Ammonia Volatilization from Flooded Soil Systems: A Computer Model. III. Validation of the Model

An NH 3 ‐volatilization model predicting NH 3 loss as a function of five input variables was validated using a wind tunnel to simulate rice paddy conditions and direct field experiments. A total of five variables in a central composite statistical design were compared to study the interactive effects of NH 4 ‐N concentration, pH, temperature, wind speed, and water depth. Experiments were also conducted in a flooded rice field with polypropylene basins placed at water level. Samples were collected every hour for determination of NH 4 ‐N concentration. Temperature, pH, and wind speed were recorded continuously, and water depth was constant.

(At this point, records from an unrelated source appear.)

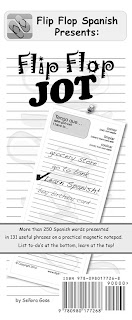 Finally the Flip Flop Jot really helped. I hung it on my fridge to keep up with my grocery list and then took it to the store with me. At the top is a phrase with three words that can be used in the phrase. For example You can say I have to eat: Tengo comer or I have to cook; Tengo concinar. I practiced the phrases over and over again while shopping and then used them when I got home. If I mispronounced something my husband corrected it for me.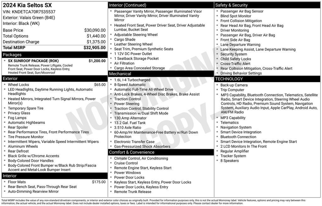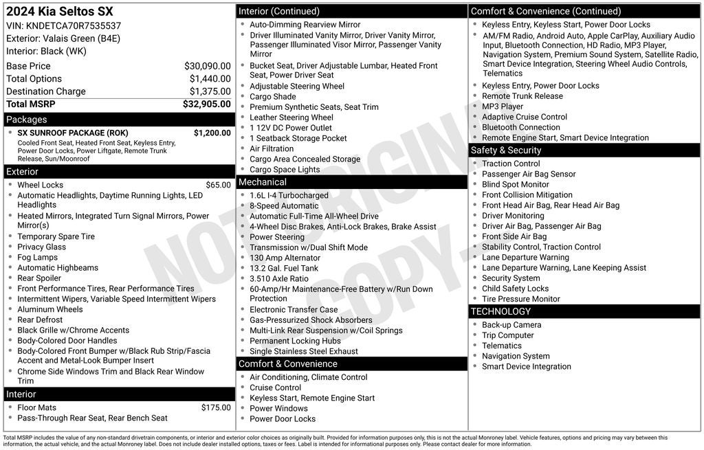 Powered by a capable I4 engine and equipped with all-wheel drive, the 2024 Kia Seltos SX delivers impressive performance and all-weather confidence. With a fuel-efficient 25 city / 27 highway MPG rating, this crossover offers the perfect balance of power and efficiency.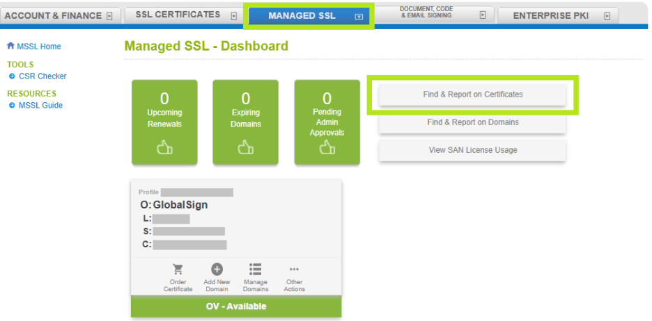 Clique na guia MSSL e, em seguida, clique em Find & Report on Certificates.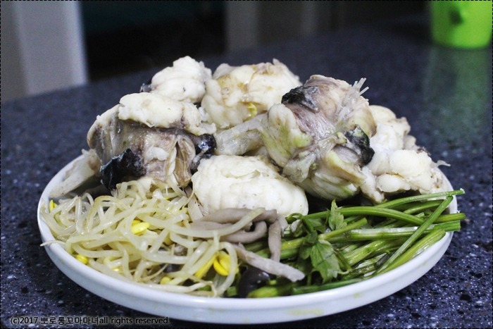 오늘 소개할 것은 아귀수육이에요. 아구수육이라고도 하는데 아구는 지방 방언이라는 말도 있더라구요^^;; 자주가는 농수산물 카페에서 2키로 산건데 완전 실하고 좋더라구요.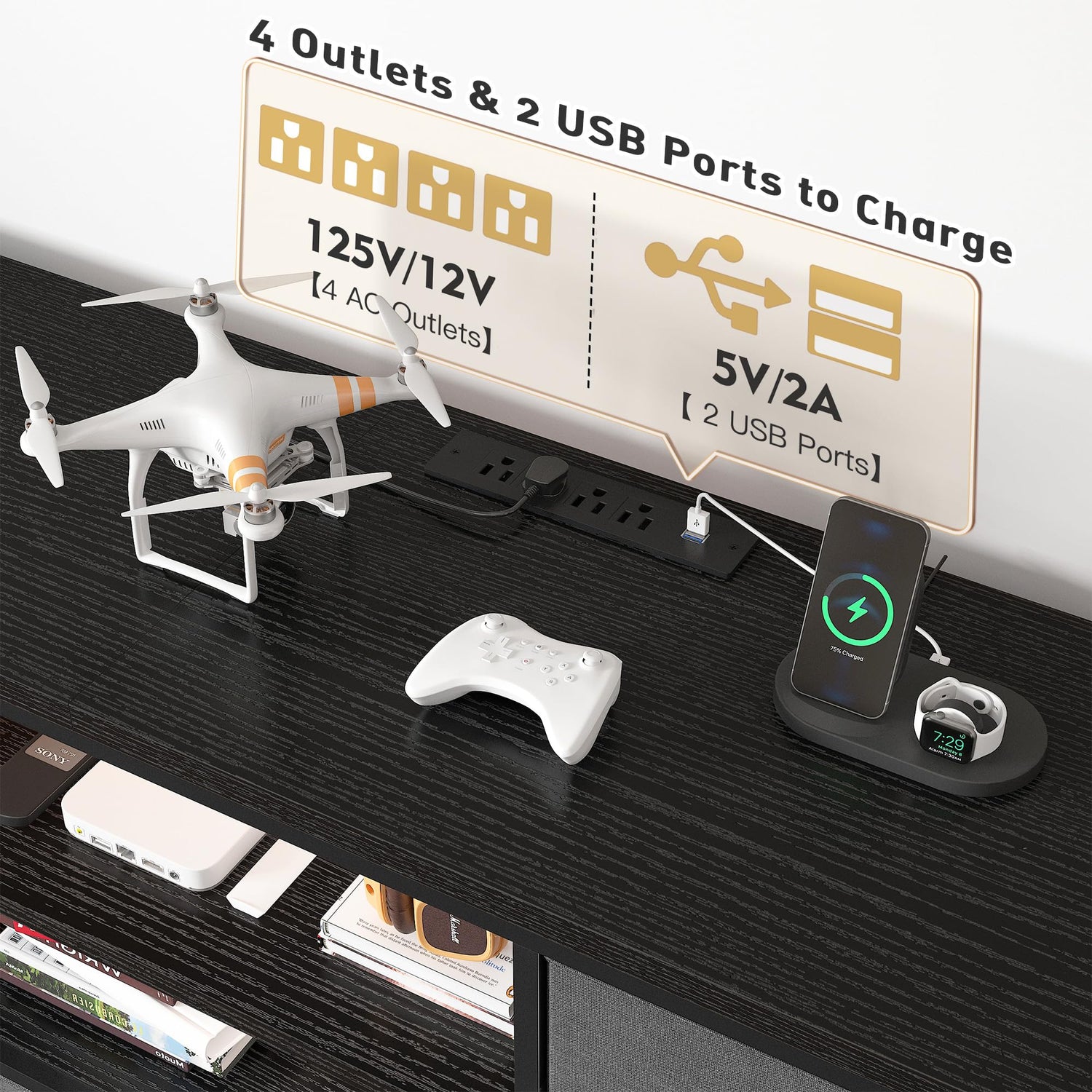 - 【Unique TV Stand with LED Light Design】Equipped with a built-in power outlet and LED light, this dresser with 12 drawers combines functionality and style. Easily control these LED lights with the included remote or app. With over 21 DIY colors to choose from, you can set the perfect lighting mood for any scene. Meanwhile this media entertainment center for 55" features built-in power outlets (4AC+2USB), allowing you to easily charge your devices without the need for extra extension cords.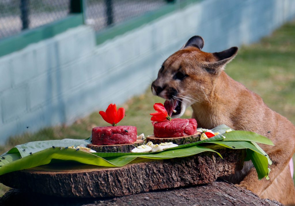 Mais uma vez os servidores do Zoológico de Guarulhos prepararam bolo e presentes para comemorar o aniversário de um de seus moradores. Desta vez, a festa foi para a onça-parda Scott, que completou um ano de vida nesta terça-feira (1º). Muito reservado, o felino demorou a interagir com os brinquedos e a devorar as porções de carne decoradas com flores e folhas.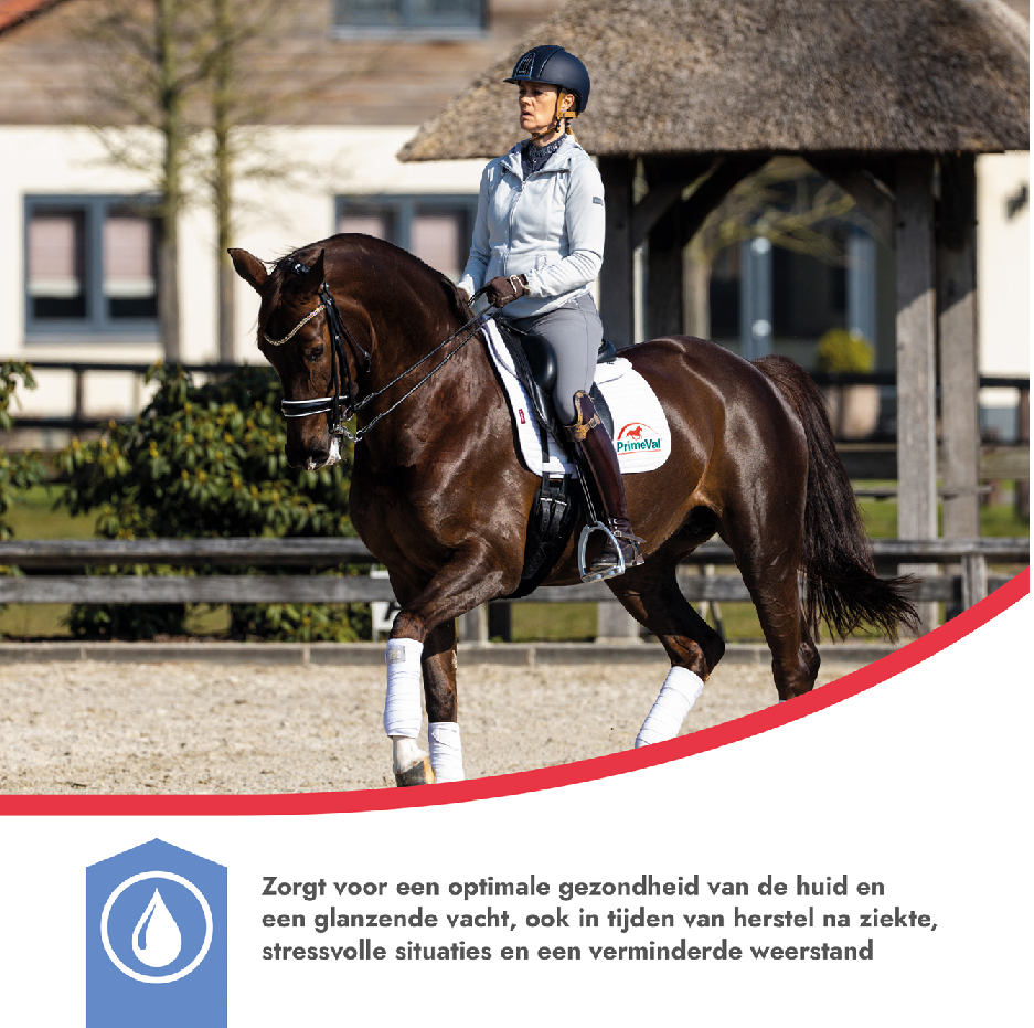 • Voor paarden met een verminderde huid- of vachtconditie (dof, niet goed door de rui komen enz.).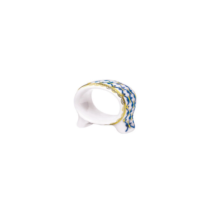 Кольцо для салфеток изготовлено на Императорском фарфоровом заводе из твёрдого фарфора. Для декорирования используется подглазурная деколь, роспись золотом. Автор рисунка — Анна Яцкевич, автор формы — Анна Лепорская.
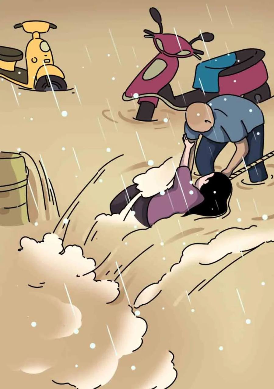 一名女子被冲进水坑
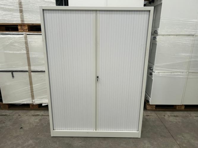 1x PAMI Hoge Vert Roldeurkast H165xB120xD45 - Wit/Metaal, (V0414), met enkele gebruikssporen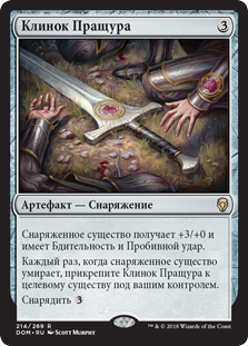 | Rules | Equipped creature gets +3/+0 and has vigilance and trample. Whenever equipped creature dies, attach Forebear's Blade to target creature you control. Equip |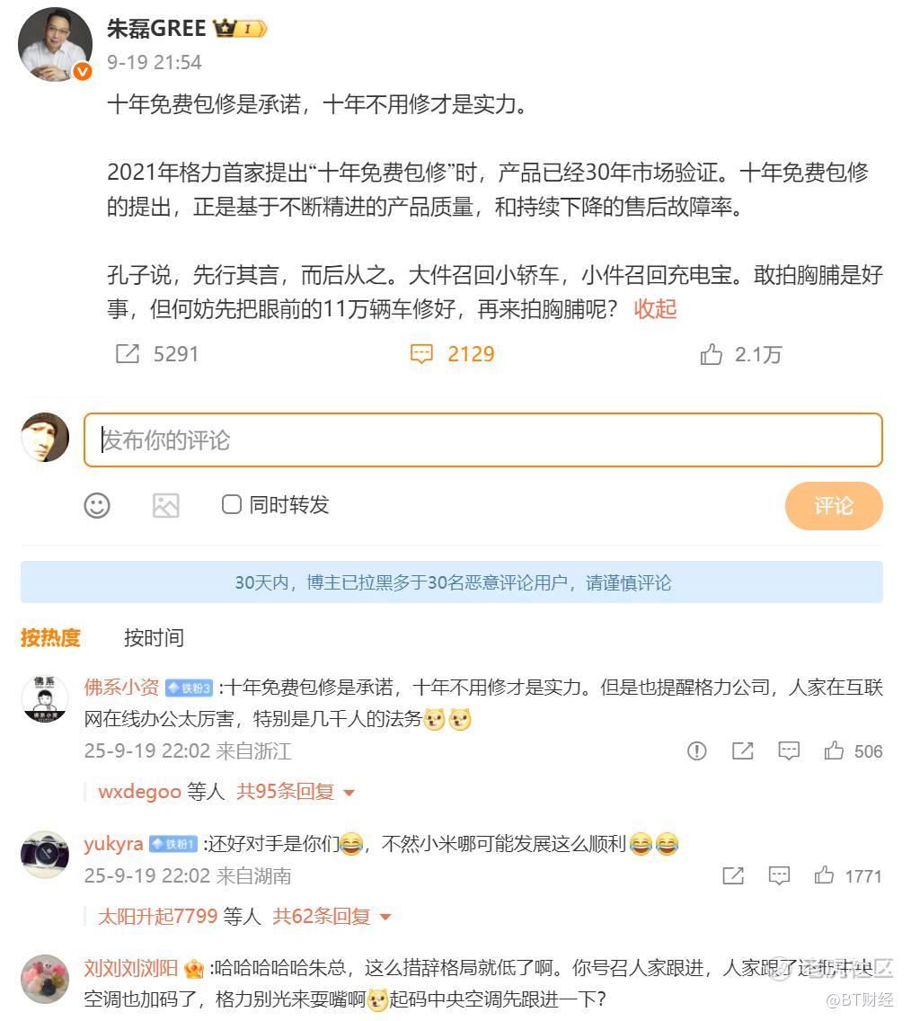 9月,小米宣布空调推出10年免费包修服务,格力高管朱磊发文嘲讽称:“大件召回小轿车,小件召回充电宝,敢拍胸脯是好事。先把眼前的11万辆车修好,再来拍胸脯呢?”或暗指小米此前召回11.6万辆SU7标准版电动汽车。被网友质疑情绪化回应,朱磊还强调“制造业是实干干出来的”,批评小米转发“似是而非的信息”。

Wind‐tunnel data showed that the model predicted observed values with excellent accuracy in the range of conditions found in flooded rice systems. The regression of predicted NH 3 loss on observed losses resulted in an r 2 of 0.98 and a regression slope of 0.99. Field experiments also showed very close agreement between predicted and experimental values with 6‐, 12‐, and 24‐h averages of pH, temperature, and wind speed. The model validation confirmed the theory that NH 3 volatilization is a function of NH 3 (aq) concentration and the volatilization rate constant for NH 3 , which are dependent on five variables: floodwater NH 4 concentration, pH, temperature, water depth, and wind speed. The model is theoretically sound and predicts NH 3 loss with a high level of accuracy using a menu‐driven computer program with easily measurable variables, and can be used in comparison studies of NH 3 loss at the same site.